At best, the decision is left to the professor of the course. Moreover,
filmed classes, due to fear of students not attending and the cost of
filming, are still the exception rather than the rule.
This haphazard and erratic media storage should change; we
should create a server with Harvard Professors’ lectures saved for
posterity, a 21st century Widener. Rather than deleting them and
restricting access, FAS should keep media information (primarily videos
of classes) permanently, thus providing future generations with live
images of our current faculty.
Admittedly, the cost of recording and storing these videos
would be high. But it can be managed. According to FAS Assistant Dean
Robert G. Doyle, three different steps are needed get a class online:
preparation, recording, and editing. Considering all human capital,
virtual storage, and technical cost, a one-hour lecture costs around 75
dollars. At this point in time, it seems prohibitively expensive to
record all classes; nevertheless, we can still do better than the
status quo. Until costs become small enough to record everything, we
should rely on CUE guide ratings and even departmental discretion to
choose the best courses to be preserved.
Despite the fact that FAS is already emulating the American
federal government in its growing deficit, preserving the available
videos today and promoting more filming in the future would show a
commitment to the long-term benefits of education and to our
breathtaking faculty. Moreover, this will only become more possible
with time. When FAS acquired its first terabyte server in 1997, it cost
over a million dollars. Today, prototype laptops have that capacity.

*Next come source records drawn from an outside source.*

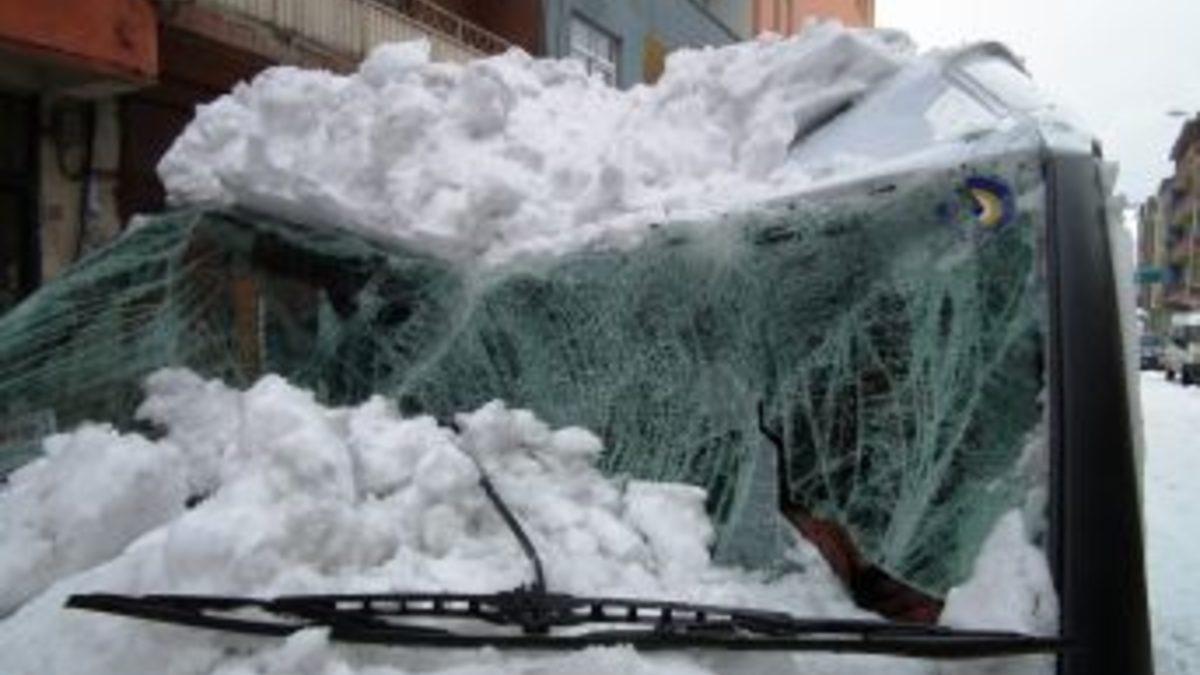 Kars'ın Sarıkamış ilçesinde çatıdan düşen kar, yolcu minibüsünü hurdaya çevirdi. 12 yolcusu bulunan araçta, can kaybının olmaması sevindirdi.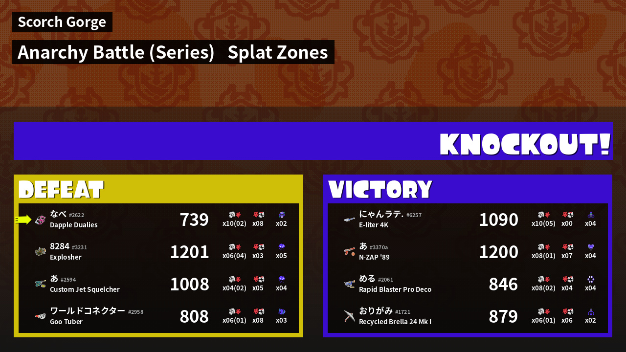 | Medals | #1 Overall Splatter #1 Splat Zone Guard #1 Enemy Splatter | ||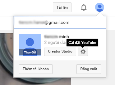 Để tắt bỏ chú thích theo mặc định trên toàn bộ trang YouTube, bấm vào biểu tượng tiểu sử (profile) bên góc cao bên phải. Sau đó, bấm vào biểu tượng "Cài đặt YouTube".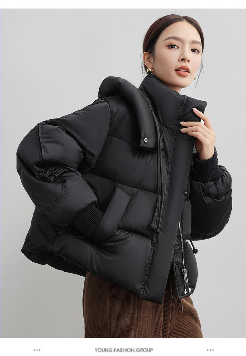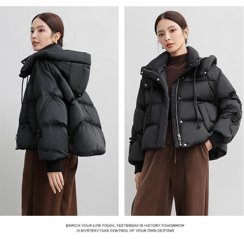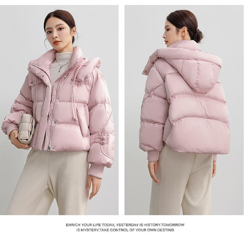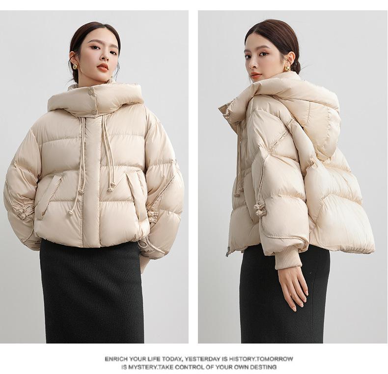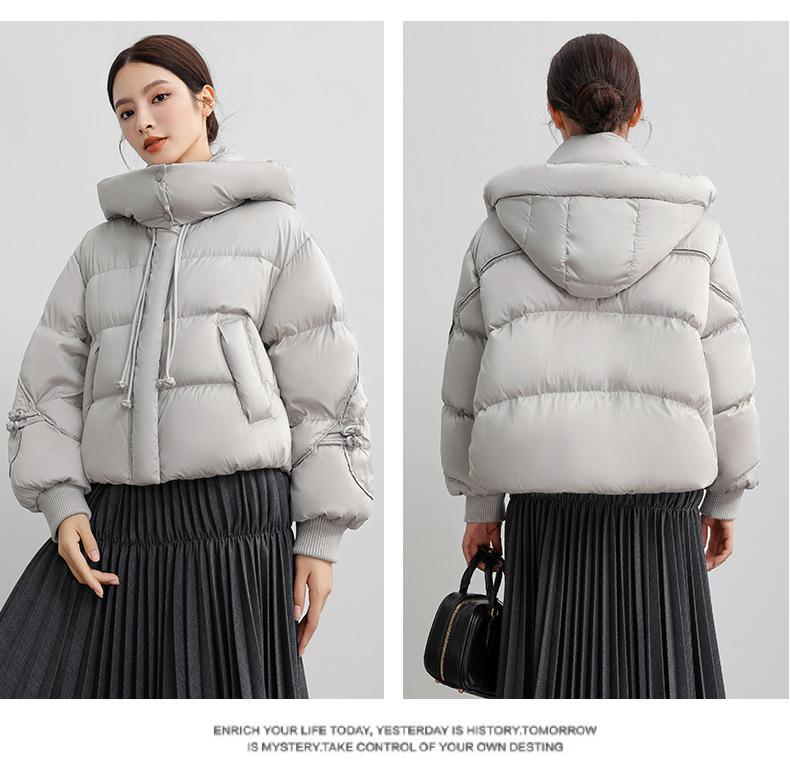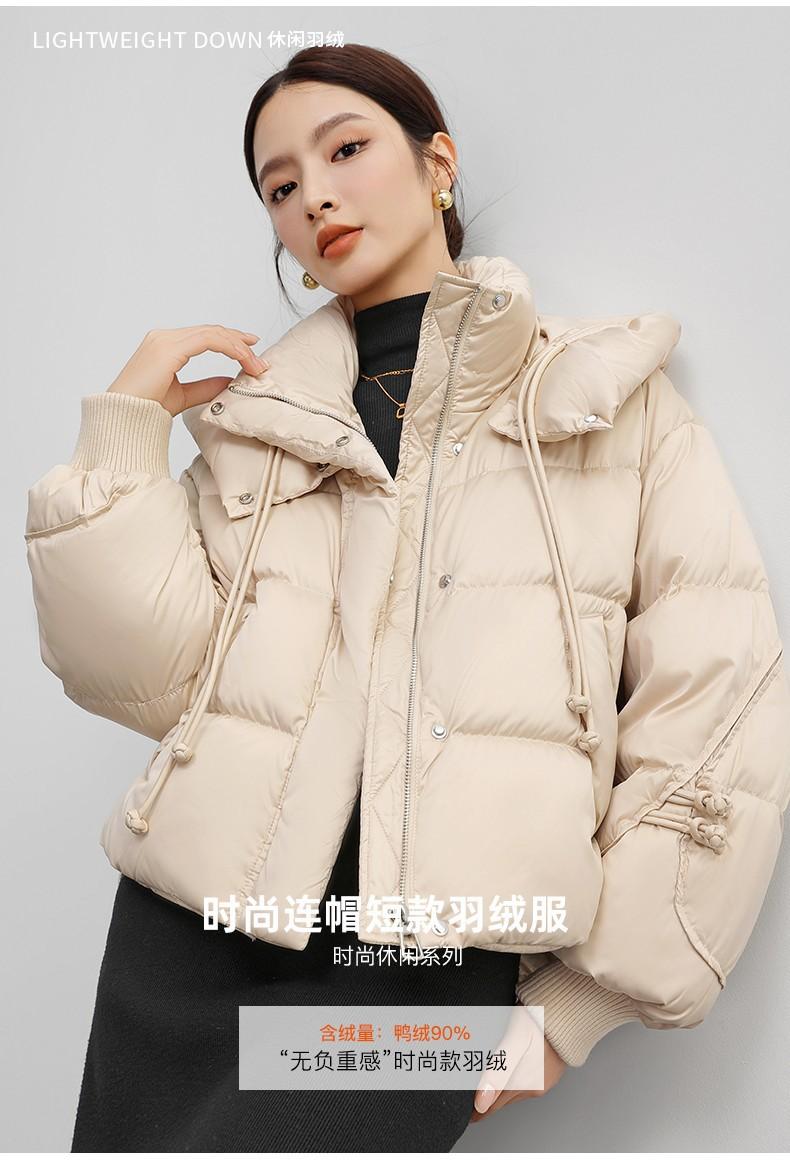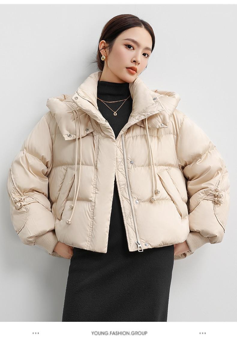Snow Flying 90 Plumón de Pato Blanco Chaqueta Plumón Nube para Mujer Corta Invierno Nueva Color Sólido con Capucha Abrigo Pan para Mujer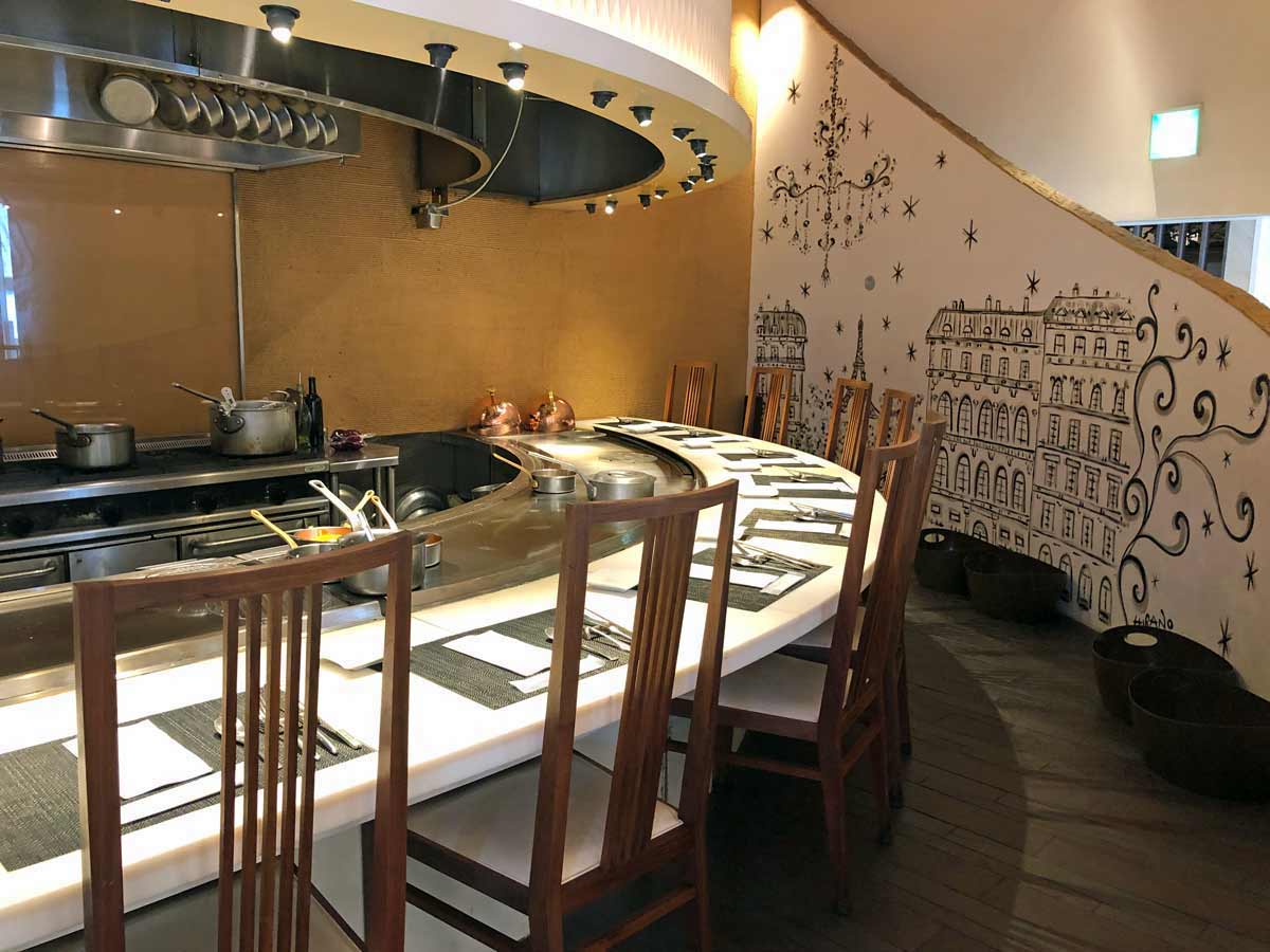 「ahill ginza(あひる ぎんざ)」があるのは、銀座ベルビア館の8階。店内は明るく開放感があり、1人でも過ごしやすい雰囲気です。おひとり様でも気兼ねなく過ごせるカウンター席は、バックの壁にパリをモチーフにした絵が描かれていて、とっても優雅! 目の前で繰り広げられる鉄板焼の臨場感を味わえるので、おすすめですよ。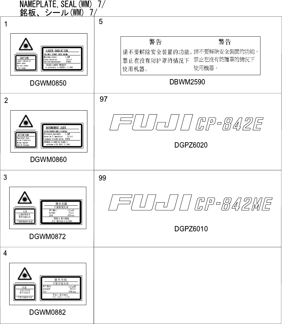 NAMEPLATE,SEAL(WM) 7/ 銘板、シ−ル(WM) 7/ 番号 図番 & コード番号 個数 品名 規格 材質 備考 No. Drg.No. & Code No. QTY Description Rating Materials Remarks 1 DGWM0850 1 SEAL シール PL English 2 DGWM0860 1 SEAL シール PL French 3 DGWM0872 1 SEAL…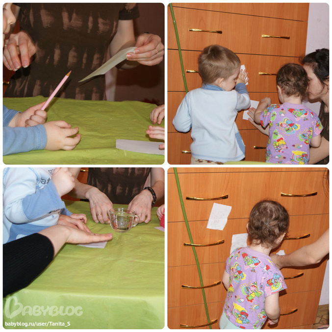 3. «Приклеивали» сухой листочек бумаги к комоду. Конечно, это не получалось. Намочили свои листочки и ооо, чудо!!! Листочки приклеились!!!
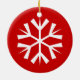 This red ornament features a bright white snowflake on each side. Add text to this customisable ornament for that personal touch.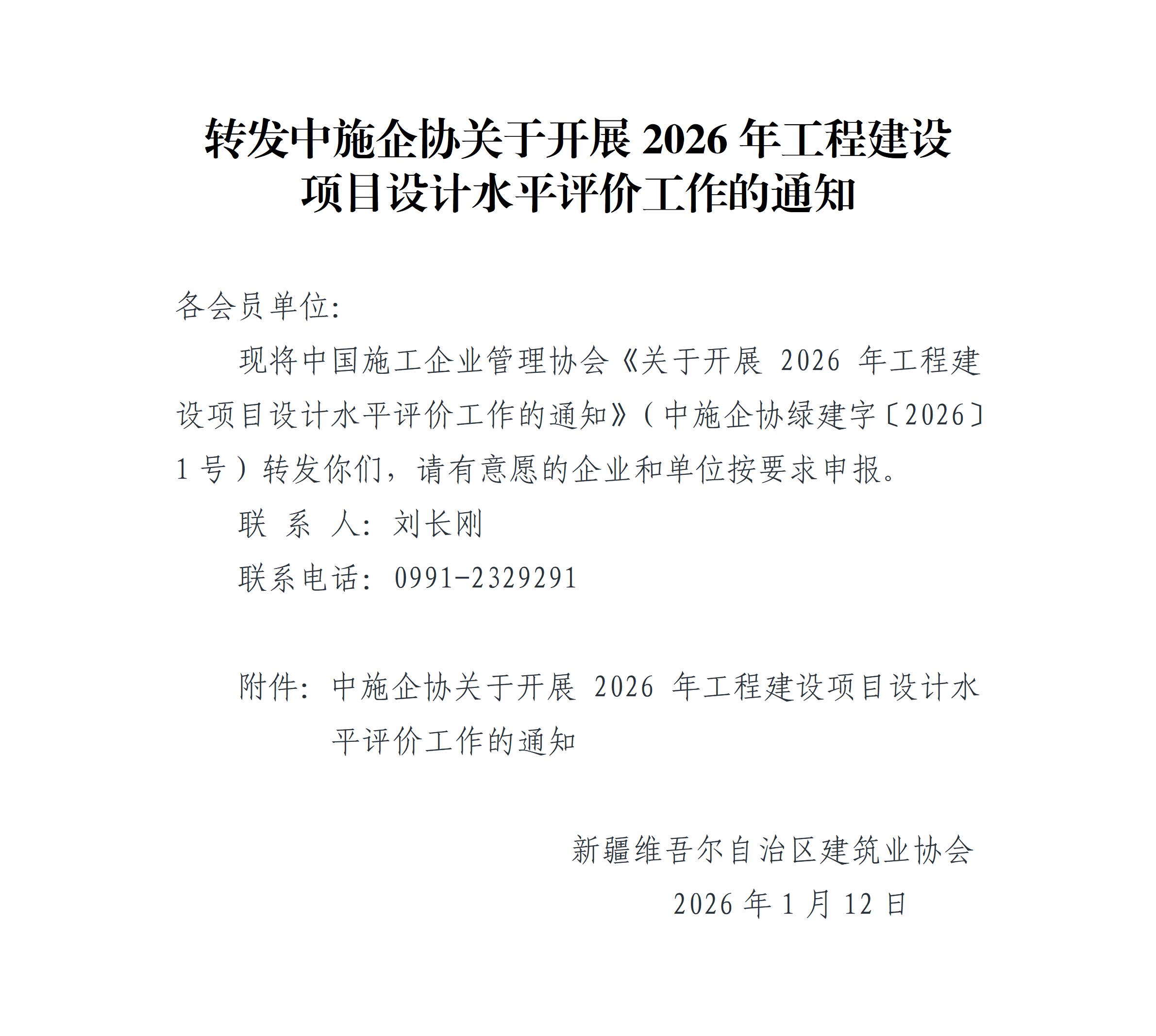 - 01-12 转发中施企协关于开展2026年工程建设项目设计水平评价工作的通知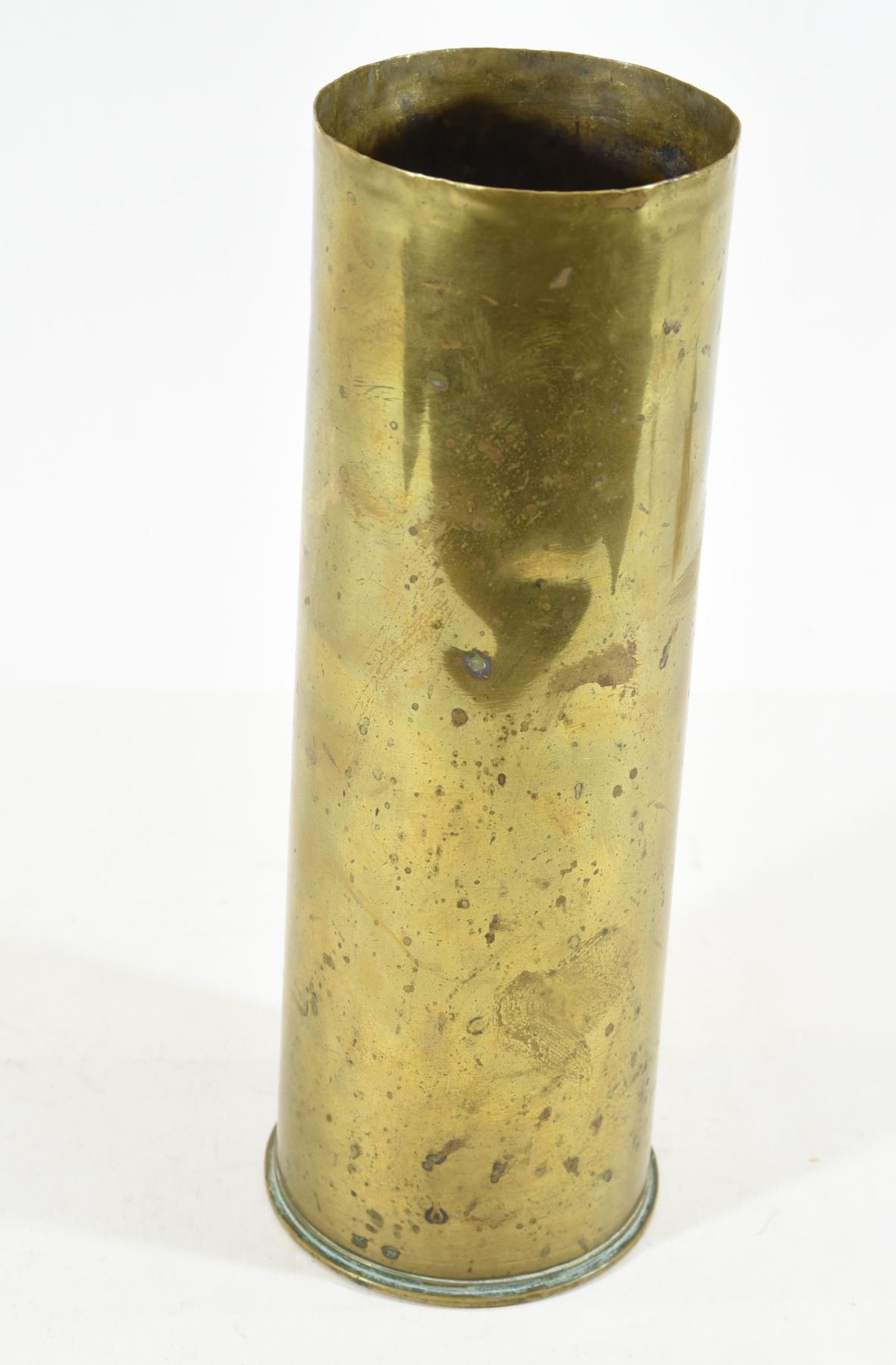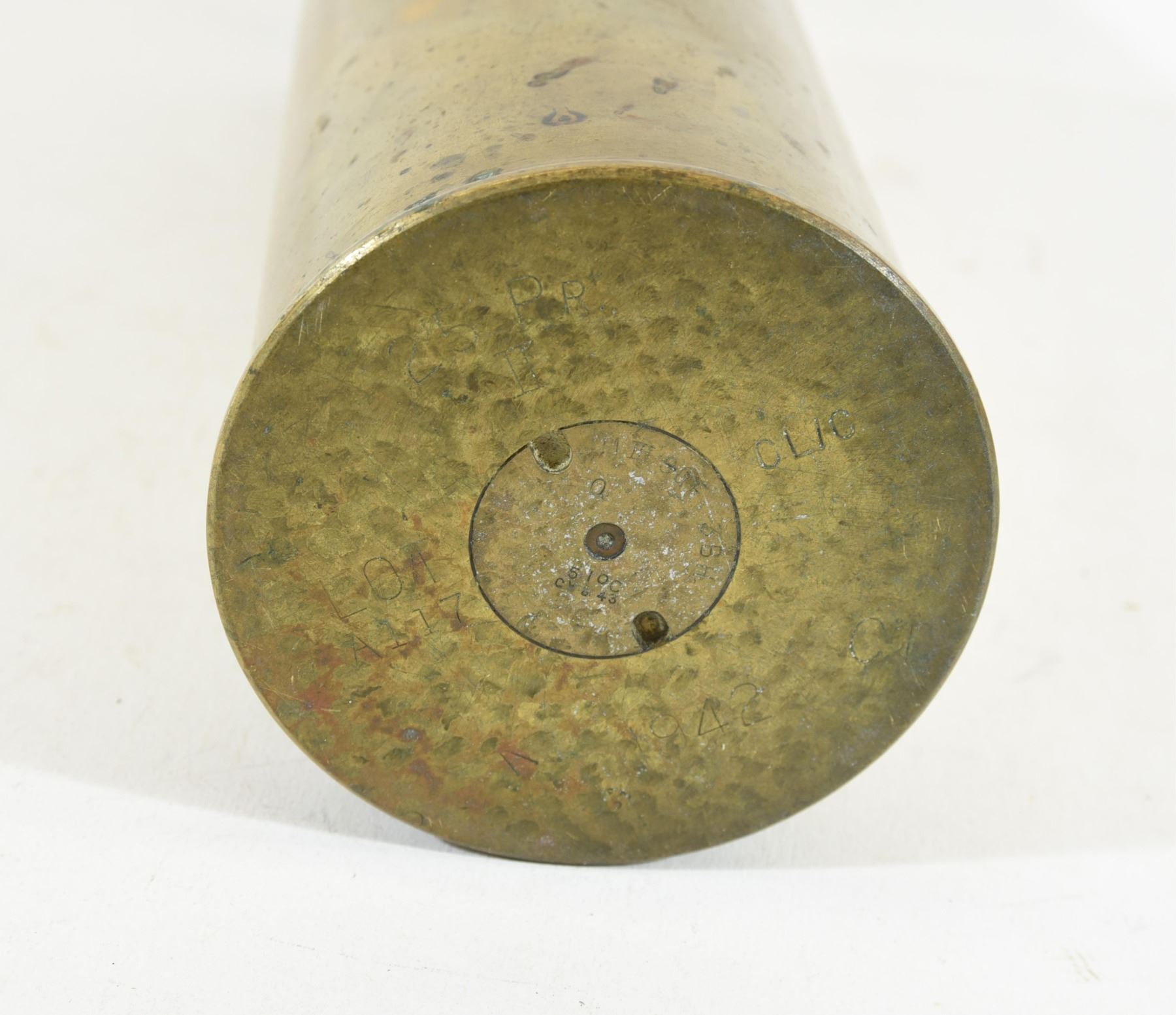 Complete empty brass case with primer insert. 29cm tall and 8.5cm at the mouth opening.

Although recording and storage will undoubtably become cheaper over
time, there is no time to lose. Had we started before, philosophy
students could open video players with Robert Nozick and John Rawls and
gauge their ideas in real time.
Upon arrival at Harvard, I was told that I would leave this
place wishing that I could have taken more classes. Creating a database
of class videos, the “new Widener,” would benefit both undergrads on
campus and alumni all over the world. It could even open lucrative new
revenue streams—possibly even subsidizing the program itself—if we sell
access to the database a la iTunes. Regardless of the means chosen, the
ends would be to create a parallel endowment not measured in dollars in
foreign investment funds, but in our professors’ wealth of knowledge.
And we might even be able to trace our next Frost’s inspiration right
to the source: that early Tuesday morning lecture by Münsterberg that
rocked his world. But the diverging roads between preservation and
oblivion require a fast and brave decision from FAS. We have to start
now.
Pierpaolo Barbieri ’09, a Crimson editorial editor, lives in Thayer Hall.